En el seno de la Iglesia española en el momento de la llegada de los franceses existió un activo grupo de afrancesados, aunque no muy numeroso, y que merecen nuestra atención. Los eclesiásticos afrancesados españoles pertenecían a la jerarquía y, como el resto de los afrancesados, los había oportunistas y convencidos de emprender reformas. Entre los primeros destacaría un tipo de eclesiástico ávido de no perder su puesto o deseoso de que el poder político le nombrase para alguna dignidad. Pero, en realidad, parecen más interesantes para la historiografía los segundos, los que deseaban que se emprendiesen reformas en España, siguiendo la estela de la Ilustración pero, sobre todo, en el seno de la propia Iglesia. Estos eclesiásticos ilustrados defendían la abolición de la Inquisición y la limitación de las órdenes religiosas. Algunos más avanzados apostaban por el modelo eclesiástico establecido por la Revolución Francesa con la Constitución Civil del Clero, aunque la mayoría se decantaba por la versión más moderada de Napoleón que había pactado con Roma el fin de este modelo que había dividido al clero francés aunque mantenía cierto poder en manos del Estado.

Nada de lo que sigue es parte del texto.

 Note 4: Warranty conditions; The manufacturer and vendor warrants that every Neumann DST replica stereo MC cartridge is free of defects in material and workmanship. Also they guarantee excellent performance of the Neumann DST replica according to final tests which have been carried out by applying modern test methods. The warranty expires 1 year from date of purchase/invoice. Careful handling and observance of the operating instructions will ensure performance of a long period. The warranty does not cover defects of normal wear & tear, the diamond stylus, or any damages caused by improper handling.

Algunos de los eclesiásticos afrancesados españoles pertenecieron, como muchos de los ilustrados y afrancesados, a la francmasonería, compartiendo experiencias en las logias que se crearon con la llegada de los franceses. Muchos de los eclesiásticos afrancesados fueron tildados de jansenistas pero esta acusación es muy discutible porque no parece que defendiesen las tesis de Jansenio.

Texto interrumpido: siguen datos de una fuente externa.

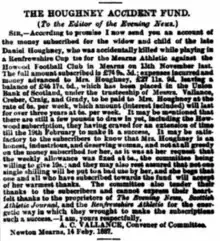 - ↑ Vallance, A.C. (14 February 1887). "The Houghney Accident Fund". Glasgow Evening Post: 3.

El clero afrancesado no compartía el espíritu de cruzada que el resto de la Iglesia española, especialmente los miembros el clero regular, estaba fomentando contra Napoleón y los franceses. El clero verdaderamente afrancesado compartía con el resto de los afrancesados la idea de que lo importante no era la dinastía que reinase sino cómo lo hiciese. Tenemos que tener en cuenta que muchos afrancesados estaban decepcionados con el último Borbón por paralizar las reformas ilustradas y veían en José Bonaparte un monarca interesado por los cambios sin caer en la plena revolución liberal. En este sentido, es muy significativa la opinión que el obispo Félix Amat expuso a principios de julio de 1808 en una carta pastoral en la que expresaba que era Dios quien transfería las coronas y daba “constitución o fundamento firme a los reinos”.

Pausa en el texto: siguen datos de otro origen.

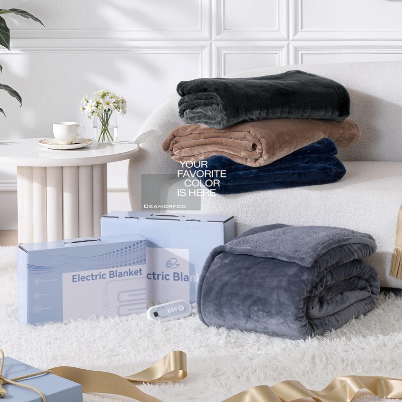 Note: It is recommended to spend 3-5 minutes carefully reading the instructions before use, which will help you use the heated blanket more effectively. (1) Warm Material: The ceamorfco heated blanket features a double-sided, smooth, skin-friendly, soft, comfortable, and warm flannel fabric. It is ideal for use in autumn and winter on sofas or beds for resting, reading, watching TV, home office work, and camping, providing you with an ultimate warm experience. (2) Multiple colors and sizes available: The ceamorfco heated blanket comes in 5 models and 4 colors. The available sizes include 50“x60”, 62“x84”, 72“x84”, 84“x90”, and 90“x100”. The light gray electric blankets, navy blue electric blankets, brown electric blankets, and dark gray electric blankets all feature a unique stitching process, ensuring each blanket is durable, shed-free, and fade-resistant. Each electric blanket combines the practicality of a regular blanket with additional warmth provided by evenly distributed heating wires inside, ensuring you stay warm all night long during cold winters and never wake up freezing in the middle of the night. Additionally, the color of the heated blanket may appear slightly different under varying light conditions and angles, offering a unique experience. (3) Warm Gift: The ceamorfco electric heated blanket makes an excellent gift for special occasions such as Christmas, birthdays, Mother's Day, Father's Day, and Thanksgiving, perfect for grandma, parents, girlfriends, daughters, friends, and elders, offering a warm and thoughtful present. (4) Features: Throw size electric blankets, twin size electric blankets, and full size electric blankets come with 1 digital remote control; queen size heated blankets and king size heated blankets come with 2 controllers that can independently control the left and right areas of the blanket. All electric blankets offer 8 adjustable temperature settings, heating up quickly within 3-5 minutes, with a temperature range of 86°F-122°F; they also feature 8 or 10-hour timer settings and automatic shut-off functionality, keeping you and your family warm during the cold winter months. (5) Usage Instructions: 1. Connect the controller to the blanket and ensure a secure connection, then plug into a power outlet; 2. Press the power button on the remote control to turn it on, and press again to turn it off; 3. Adjust the temperature using the temperature control button and set the time using the timer setting button according to your needs. (6) Safe and Reliable: The electric heating blanket has obtained dual certification from ETC and FCC, uses PTC/NTC heating wires, and features automatic overheat protection, providing you with a safer user experience. (7) Care Instructions. a. Washing instructions: Disconnect the power supply and controller before washing. Do not dry clean or use bleach; cleaning solvents may damage the insulation layer of the heating elements. b. Machine washable: Do not submerge the power cord or controller in water. Place the textile portion without the power cord into the washing machine and select a gentle or slow wash cycle for cleaning. c. Hand Washing: Hand washing the electric heated blanket is the best way to extend its lifespan. Disconnect all power cords before proceeding. Place the textile in a basin of warm water (water temperature below 100°F) and use a small amount of mild detergent or soap to clean. Soak for 5 minutes. Gently rub the textile up and down for 5 minutes; do not scrub or brush vigorously. Rinse thoroughly with cold water until all detergent residue is removed. Squeeze out excess water by hand; do not wring or use a dryer. d. Drying instructions: Do not use commercial dryers in laundry rooms—they may overheat and damage the fabric. Do not iron. Do not connect to power before it is completely dry. e. Machine drying: For drying electric heated blanket, place the product in a low-temperature dryer until completely dry. Ensure the textile has sufficient space to move freely. If the electric heated blanket shrinks after washing, gently stretch it until it returns to its original size. f. Air drying: Hang the electric heated blanket on two parallel clotheslines or drying rods, securing each end of the blanket to the clothesline or drying rod, and allow it to dry naturally. Do not use clothespins that may catch on the wires. Do not reconnect the electric blanket to the power source until it is completely dry. g. Storage: Like other bedding items, fold and store in a dry place. (8) Suitable users: This electric heat blanket is suitable for adults. Infants, disabled individuals, those insensitive to heat, and those unable to operate the controller properly should not use this electric blanket.

Entre el clero afrancesado español destacó, sin lugar a dudas, Juan Antonio Llorente, el historiador de la Inquisición, que tanta inquina generó entre el clero reaccionario y elogios en el seno del liberalismo. Llorente envió en 1808 a Napoleón un Reglamento para la Iglesia española muy significativo por lo que expresábamos sobre las ideas de estos eclesiásticos. Llorente proponía al emperador la supresión de las órdenes monacales y una reforma de la organización del clero secular en relación con la división administrativa. Sería nombrado miembro de la Junta Nacional que reconoció a José I y juró la Constitución de Bayona. Posteriormente sería nombrado Consejero de Estado para Asuntos Eclesiásticos y Caballero Comendador de la Orden Real de España en 1809. Tendría que exiliarse en Francia en 1813, para luego regresar a España en el Trienio Liberal y trabajar a favor de la reforma eclesiástica.